─── The data
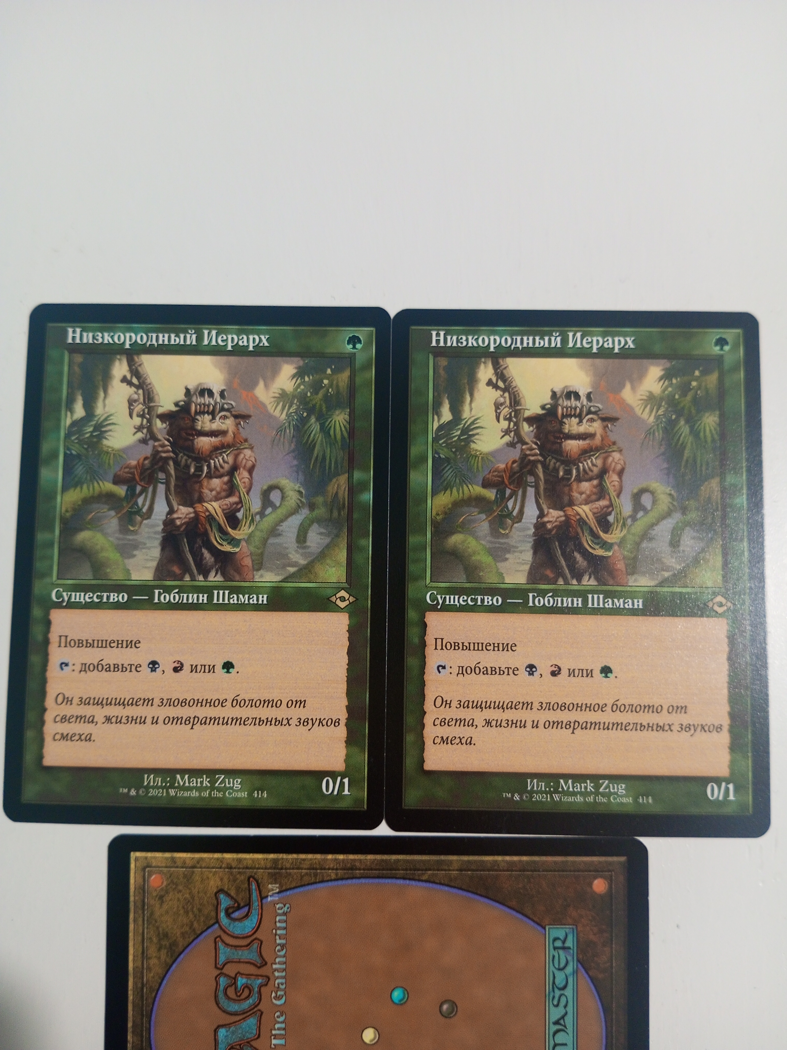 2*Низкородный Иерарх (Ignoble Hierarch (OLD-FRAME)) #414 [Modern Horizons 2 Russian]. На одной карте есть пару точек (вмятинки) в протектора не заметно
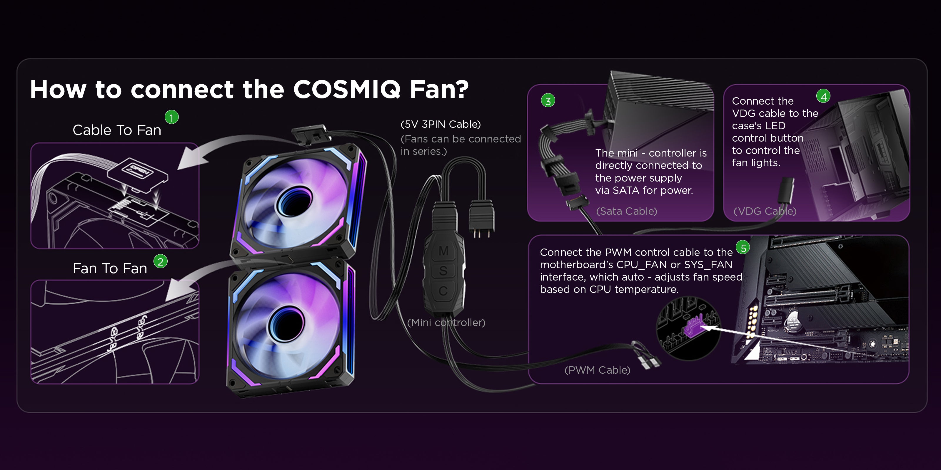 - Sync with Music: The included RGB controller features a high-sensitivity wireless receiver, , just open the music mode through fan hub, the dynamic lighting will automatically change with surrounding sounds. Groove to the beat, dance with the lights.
──────
─── The data
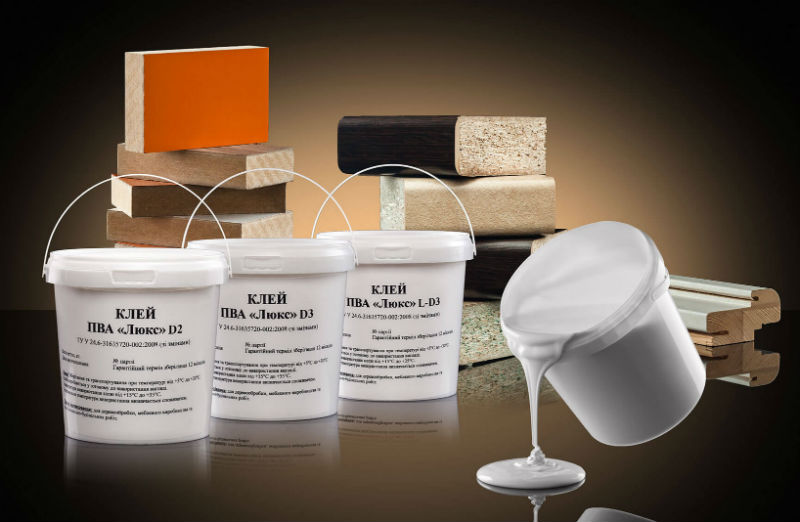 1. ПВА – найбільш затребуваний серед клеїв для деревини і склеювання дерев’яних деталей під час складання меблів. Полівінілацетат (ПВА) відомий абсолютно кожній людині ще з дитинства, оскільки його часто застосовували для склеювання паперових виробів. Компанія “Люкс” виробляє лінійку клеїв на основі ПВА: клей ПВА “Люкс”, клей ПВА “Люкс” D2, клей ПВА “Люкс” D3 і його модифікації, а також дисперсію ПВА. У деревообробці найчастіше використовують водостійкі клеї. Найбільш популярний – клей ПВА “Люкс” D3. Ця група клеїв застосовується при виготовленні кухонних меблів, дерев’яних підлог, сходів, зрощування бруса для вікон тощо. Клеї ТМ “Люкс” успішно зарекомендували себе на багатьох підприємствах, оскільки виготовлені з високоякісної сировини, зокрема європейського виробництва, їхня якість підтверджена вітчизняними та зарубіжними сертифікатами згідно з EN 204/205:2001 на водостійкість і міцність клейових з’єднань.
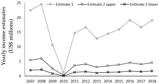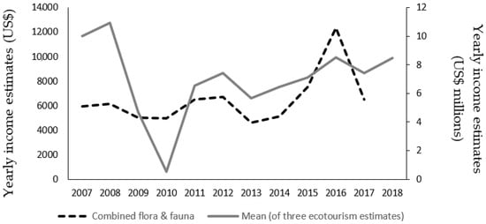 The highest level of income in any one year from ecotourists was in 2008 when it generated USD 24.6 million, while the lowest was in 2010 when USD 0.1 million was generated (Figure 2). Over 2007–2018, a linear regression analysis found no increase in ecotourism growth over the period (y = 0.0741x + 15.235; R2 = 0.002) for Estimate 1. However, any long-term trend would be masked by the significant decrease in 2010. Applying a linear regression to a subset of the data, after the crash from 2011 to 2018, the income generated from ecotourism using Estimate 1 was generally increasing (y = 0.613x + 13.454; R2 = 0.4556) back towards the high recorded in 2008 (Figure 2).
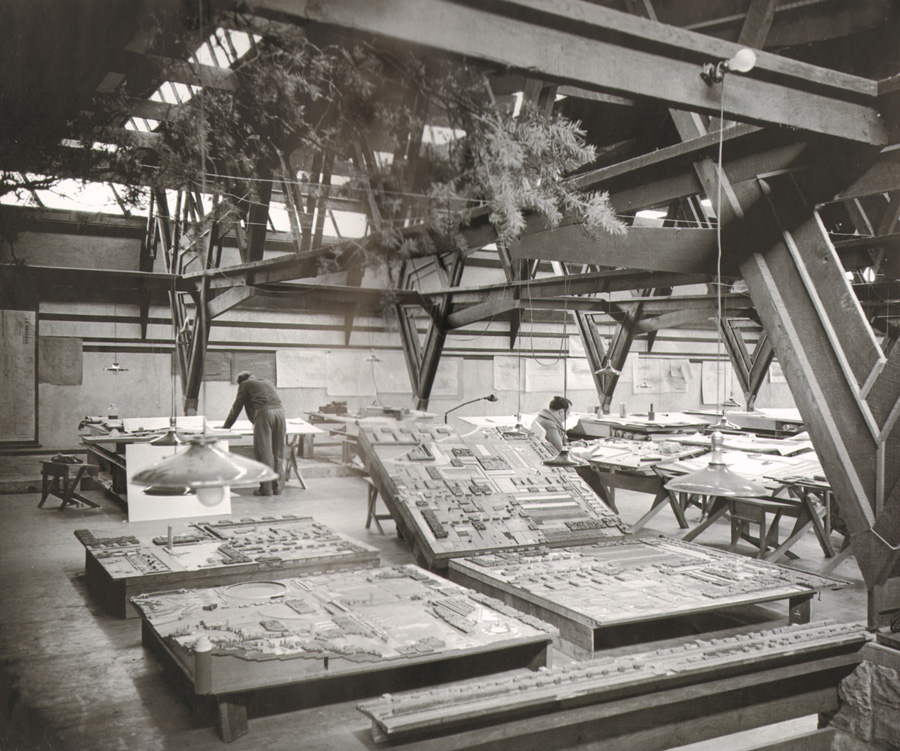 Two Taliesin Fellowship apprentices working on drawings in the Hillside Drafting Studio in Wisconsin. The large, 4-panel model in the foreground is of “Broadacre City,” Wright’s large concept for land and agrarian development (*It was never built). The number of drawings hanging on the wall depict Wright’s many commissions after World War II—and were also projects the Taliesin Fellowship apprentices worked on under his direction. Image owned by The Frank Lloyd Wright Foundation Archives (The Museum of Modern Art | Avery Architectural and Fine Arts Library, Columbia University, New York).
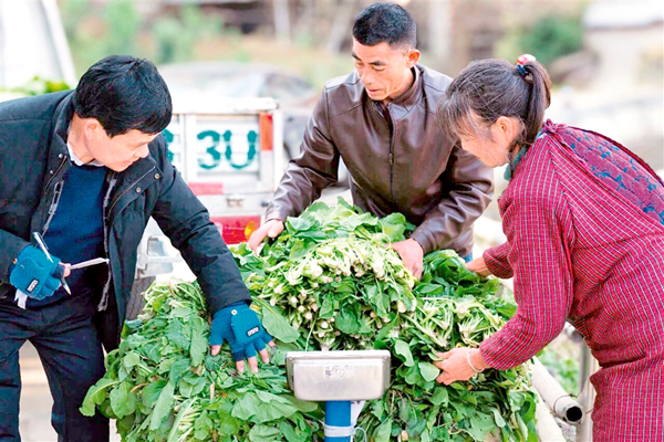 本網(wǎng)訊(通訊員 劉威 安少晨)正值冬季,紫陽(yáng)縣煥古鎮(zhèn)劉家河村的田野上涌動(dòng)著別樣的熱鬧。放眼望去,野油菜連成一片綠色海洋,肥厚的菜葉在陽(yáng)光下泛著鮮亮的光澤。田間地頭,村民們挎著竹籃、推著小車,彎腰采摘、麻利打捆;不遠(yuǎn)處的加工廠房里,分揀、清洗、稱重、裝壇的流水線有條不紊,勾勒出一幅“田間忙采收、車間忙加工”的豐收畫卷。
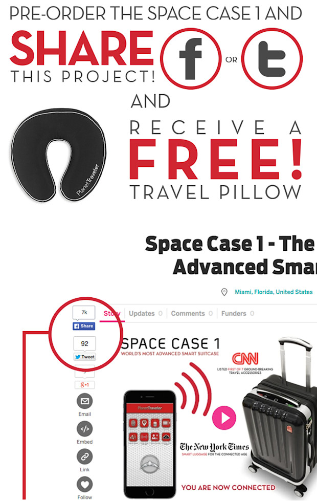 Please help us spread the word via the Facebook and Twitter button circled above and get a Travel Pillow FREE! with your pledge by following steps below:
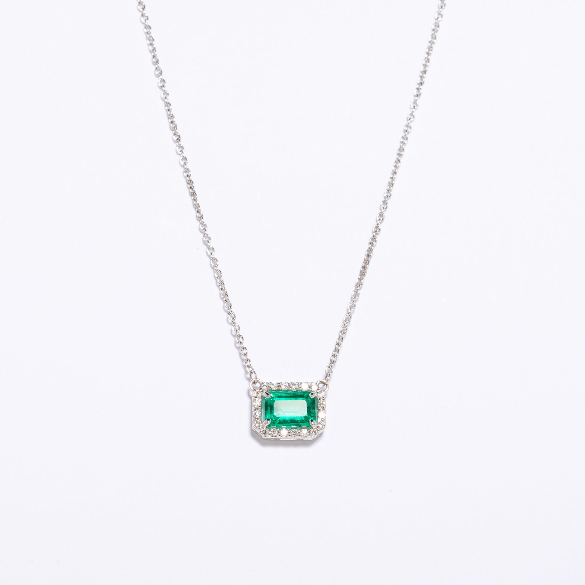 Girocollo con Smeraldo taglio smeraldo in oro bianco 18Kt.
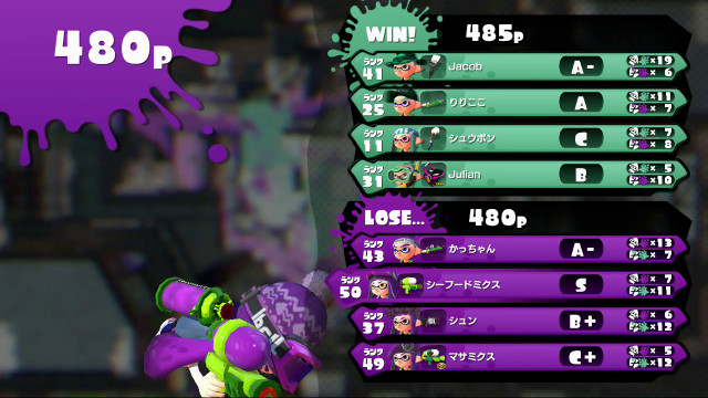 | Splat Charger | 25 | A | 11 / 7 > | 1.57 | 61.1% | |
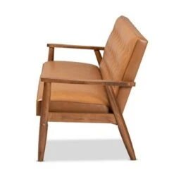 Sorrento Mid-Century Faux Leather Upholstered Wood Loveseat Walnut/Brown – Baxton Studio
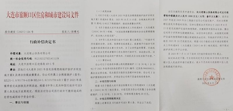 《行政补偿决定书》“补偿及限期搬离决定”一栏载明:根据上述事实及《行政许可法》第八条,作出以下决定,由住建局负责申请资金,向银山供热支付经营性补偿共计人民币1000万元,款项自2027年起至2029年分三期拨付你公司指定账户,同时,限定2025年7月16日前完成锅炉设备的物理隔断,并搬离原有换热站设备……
──────
─── The data
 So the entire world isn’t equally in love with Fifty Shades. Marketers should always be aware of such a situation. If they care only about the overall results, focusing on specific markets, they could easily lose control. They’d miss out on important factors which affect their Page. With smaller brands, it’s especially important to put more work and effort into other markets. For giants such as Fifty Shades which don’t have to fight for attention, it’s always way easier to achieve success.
──────
> _Work item_: With the pictures omitted, copy the entries above exactly from the line containing "2*Низкородный Иерарх (Ignoble" through the line containing "- Sync with", both lines included.

> _Response for this exercise_:
 2*Низкородный Иерарх (Ignoble Hierarch (OLD-FRAME)) #414 [Modern Horizons 2 Russian]. На одной карте есть пару точек (вмятинки) в протектора не заметно
 - Sync with Music: The included RGB controller features a high-sensitivity wireless receiver, , just open the music mode through fan hub, the dynamic lighting will automatically change with surrounding sounds. Groove to the beat, dance with the lights.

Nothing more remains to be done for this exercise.